Task 11: Spot the goroutine-driven heap leak¶
Spawn 1,000 goroutines that each capture a 1 MiB slice in a closure and block forever on a channel send.
Acceptance criteria - [ ] runtime.NumGoroutine() reports >1,000. - [ ] /debug/pprof/goroutine?debug=2 shows them stuck on the channel send. - [ ] pprof -inuse_space shows ~1 GiB retained, with the stack pointing into your goroutine's closure. - [ ] You fix with a context.Context and confirm both goroutine count and live heap return to baseline.
Task 12: Capture an allocation regression in CI¶
Write a benchmark for a small allocation-sensitive function in your own code. Establish a baseline.
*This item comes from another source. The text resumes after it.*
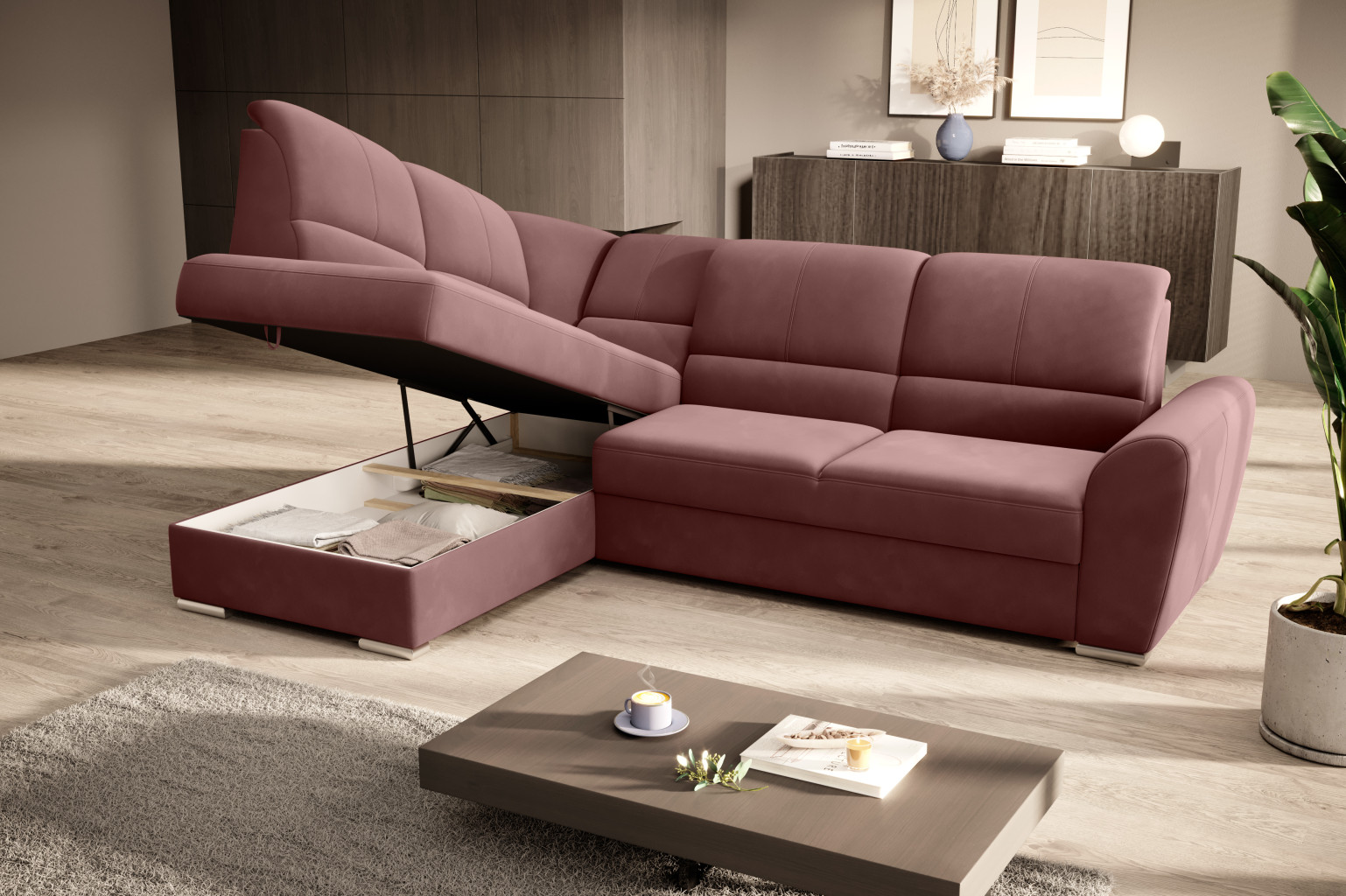 Dotaz na produkt Na splátky ještě dnesRohová pohovka Siber je perfektním řešením pro lidi, kteří si cení pořádku a organizace. Díky velkému prostoru na ložní prádlo pomáhá šetřit místo. Její vysoce profilovaná nastavitelná opěradla zdobená stylovým prošíváním promění i hodiny relaxace s vaším oblíbeným televizním seriálem v pohodlný a příjemný zážitek. Rozměry rohové pohovky: 270 x 186 x 93 cm, což umožňuje klidný odpočinek pro větší počet osob bez nutnosti přidávat další sedací soupravu. Rohová pohovka se navíc může stát dalším lůžkem díky funkci skládacího spaní s plochou 205 x 125 cm. Skládací mechanismus delfín použitý v tomto kusu nábytku je skvělý a jednoduchý způsob, jak proměnit rohovou pohovku v plnohodnotnou postel. Za zmínku stojí také nastavitelná opěradla, která vám pomohou pohodlně relaxovat při čtení knihy nebo sledování televize. Zajímavými prvky tohoto kusu nábytku jsou jeho 5 cm vysoké dřevěné nohy a sedák vyplněný pěnou T30, která poskytuje vynikající elasticitu a vysokou hustotu. Látky: Lukso 24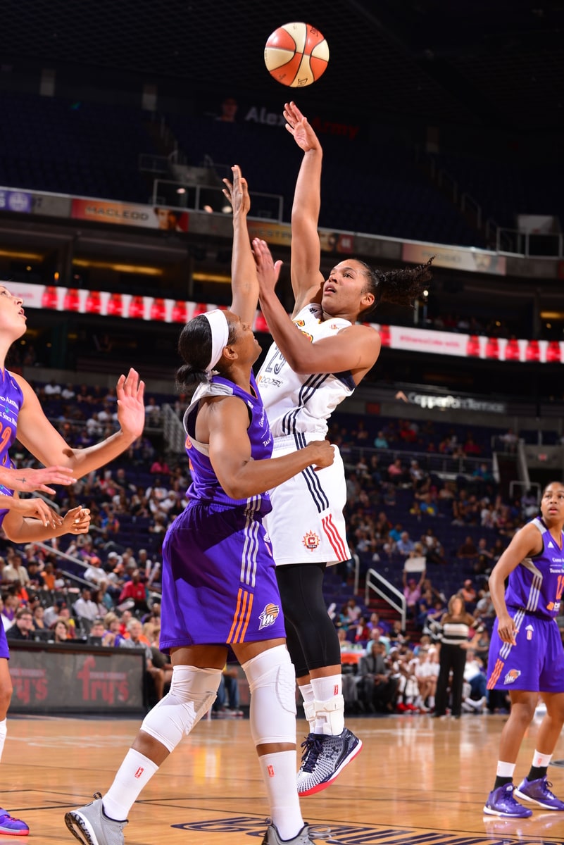 - Sun forward Alyssa Thomas puts up the sky hook.

Acceptance criteria - [ ] You can run go test -bench=BenchmarkX -benchmem -count=10 > baseline.txt. - [ ] You introduce a deliberate regression (e.g., add an extra fmt.Sprintf) and rerun, capture new.txt. - [ ] benchstat baseline.txt new.txt reports a statistically significant alloc/op delta. - [ ] You write a shell snippet that fails (exit nonzero) when alloc/op delta exceeds 10% with p < 0.05.
Stretch — Task 13: Allocation-free hot path¶
Pick a small kernel (parse a binary header, walk a tree, render a tiny template). Optimize it to zero allocations per call.
Acceptance criteria - [ ] -benchmem reports 0 B/op and 0 allocs/op. - [ ] You verify with -gcflags="-m" that nothing escapes. - [ ] You document each technique used (preallocated output slice, value receivers, generics instead of interface{}, etc.) with a one-line note. - [ ] You add a CI check that fails if allocs/op rises above zero.
Submission¶
Each task should produce:
- A short writeup (5–15 lines) of what you observed.
- The code you ran or modified.
- The profile output or flame-graph screenshot that backs your conclusions.
The point is not to "complete" the tasks but to internalize the workflow: capture → diff → interpret → fix → verify. Doing them in order builds the muscle memory you need for a real incident.